The first type of error occur when the driver's jar file is not correctly installed. In this case, the trace in sdc.log indicates that it's "Unable to get driver instance". This is because the driver jar file is not available to Data Collector's JVM. You should verify the installation of the JDBC driver jar file - follow the instructions to install external libraries here.
This sample error and stack trace is from an incorrect setup using MySQL.
2018-03-06 15:09:34,871 [user:*admin] [pipeline:jdbc origin -> trash/jdbcorigintrashba2851a6-4013-45cd-aa0d-57f703cde9ce] [runner:] [thread:preview-pool-1-thread-1] ERROR JdbcSource - Cannot connect to specified database:
com.streamsets.pipeline.api.StageException: JDBC_06 - Failed to initialize connection pool: java.lang.RuntimeException: Unable to get driver instance for jdbcUrl=jdbc:mysql://localhost:3306/default
com.streamsets.pipeline.api.StageException: JDBC_06 - Failed to initialize connection pool: java.lang.RuntimeException: Unable to get driver instance for jdbcUrl=jdbc:mysql://localhost:3306/default
at com.streamsets.pipeline.lib.jdbc.JdbcUtil.createDataSourceForRead(JdbcUtil.java:783)
at com.streamsets.pipeline.stage.origin.jdbc.JdbcSource.init(JdbcSource.java:220)
at com.streamsets.pipeline.api.base.BaseStage.init(BaseStage.java:48)
at com.streamsets.pipeline.configurablestage.DStage.init(DStage.java:36)
In the second case, the driver jar file is installed in the correct directory, correctly pointed to by the STREAMSETS_LIBRARIES_EXTRA_DIR environment variable, but the sdc-security.policy has not been updated. In this case, the driver's jar file is accessible to the Data Collector JVM, but beyond opening the jar file, execution of the code in the jar file is not permitted. You can verify that the driver jar file has been opened by Data Collector's JVM by using the `lsof -p (pid)| grep (jar file name)` command.

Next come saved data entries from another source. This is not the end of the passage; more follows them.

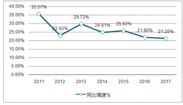 2010-2017跨境出口B2B電商交易規(guī)模增速
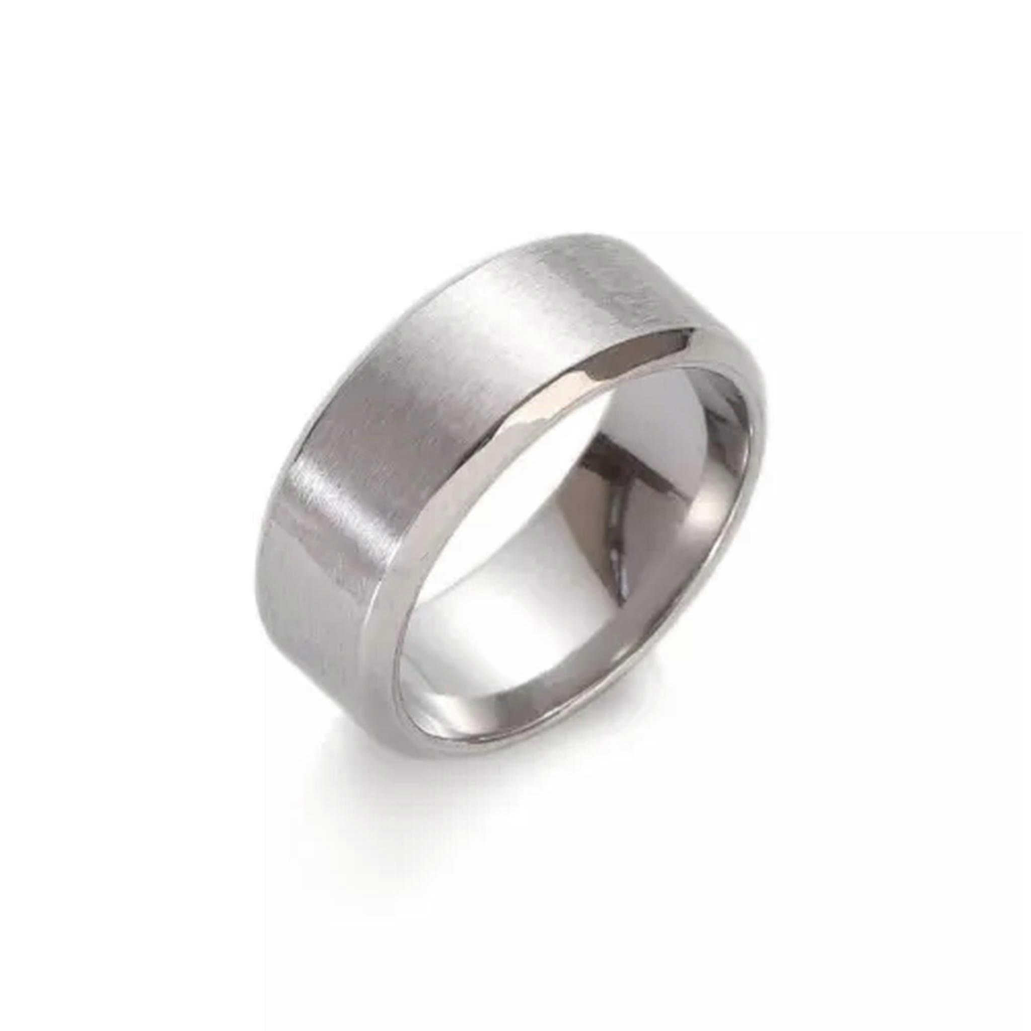 RSAMD 8MM Classic Wedding Ring for Men / Women Stainless Steel Black Band Ring Jewelry-Silver-12
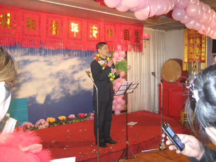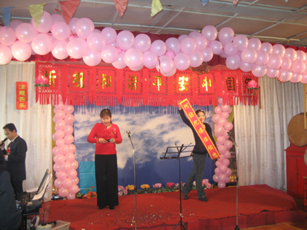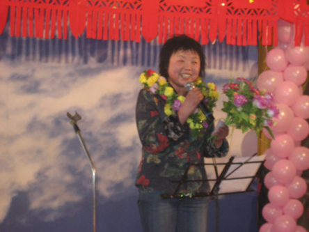 今天我来到,咱们联欢会上,高举金杯把赞歌唱,感谢我们的恩师指引,感谢伟大的佛佗思想。庄严的道场永远在我心上,佛陀思想象太阳放光芒,三圣庵居士欢聚在念佛堂,
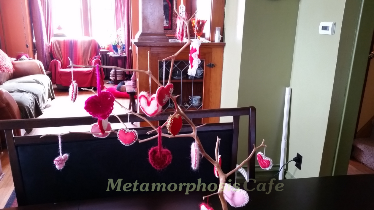 I think now that we really didn’t have much money at all, but it didn’t seem that way at all to us. She made super cute little cloth hearts to hang on a branch that she stuck in a glass jar. When she was downsizing to move to an apartment several years ago I was quick to lay claim to that branch and the valentine hearts.

This trace - "Could not initialize class" is typical from a MySQL installation with this problem.
2018-03-06 15:06:32,848 [user:*admin] [pipeline:jdbc origin -> trash/jdbcorigintrashba2851a6-4013-45cd-aa0d-57f703cde9ce] [runner:] [thread:ProductionPipelineRunnable-jdbcorigintrashba2851a6-4013-45cd-aa0d-57f703cde9ce-jdbc origin -> trash] ERROR ProductionPipelineRunnable - An exception occurred while running the pipeline,
com.streamsets.datacollector.runner.PipelineRuntimeException: CONTAINER_0702 - Pipeline initialization error: java.lang.NoClassDefFoundError: Could not initialize class com.mysql.jdbc.StringUtils
com.streamsets.datacollector.runner.PipelineRuntimeException: CONTAINER_0702 - Pipeline initialization error: java.lang.NoClassDefFoundError: Could not initialize class com.mysql.jdbc.StringUtils
at com.streamsets.datacollector.execution.runner.common.ProductionPipeline.run(ProductionPipeline.java:104)
at com.streamsets.datacollector.execution.runner.common.ProductionPipelineRunnable.run(ProductionPipelineRunnable.java:74)
at com.streamsets.datacollector.execution.runner.standalone.StandaloneRunner.start(StandaloneRunner.java:754)
at com.streamsets.datacollector.execution.AbstractRunner.lambda$scheduleForRetries$0(AbstractRunner.java:173)
at com.streamsets.pipeline.lib.executor.SafeScheduledExecutorService$SafeCallable.lambda$call$0(SafeScheduledExecutorService.java:227)
In the next type of error, the driver jar is correctly installed, the STREAMSETS_LIBRARIES_EXTRA_DIR environment variable is correctly set. The security policy is updated, but the driver needs to be specified in the Legacy Drivers Tab. There are two reasons why this may be required. First, JDBC drivers less than version 4 are not dynamically picked up the the JVM, so setting the driver class name is required.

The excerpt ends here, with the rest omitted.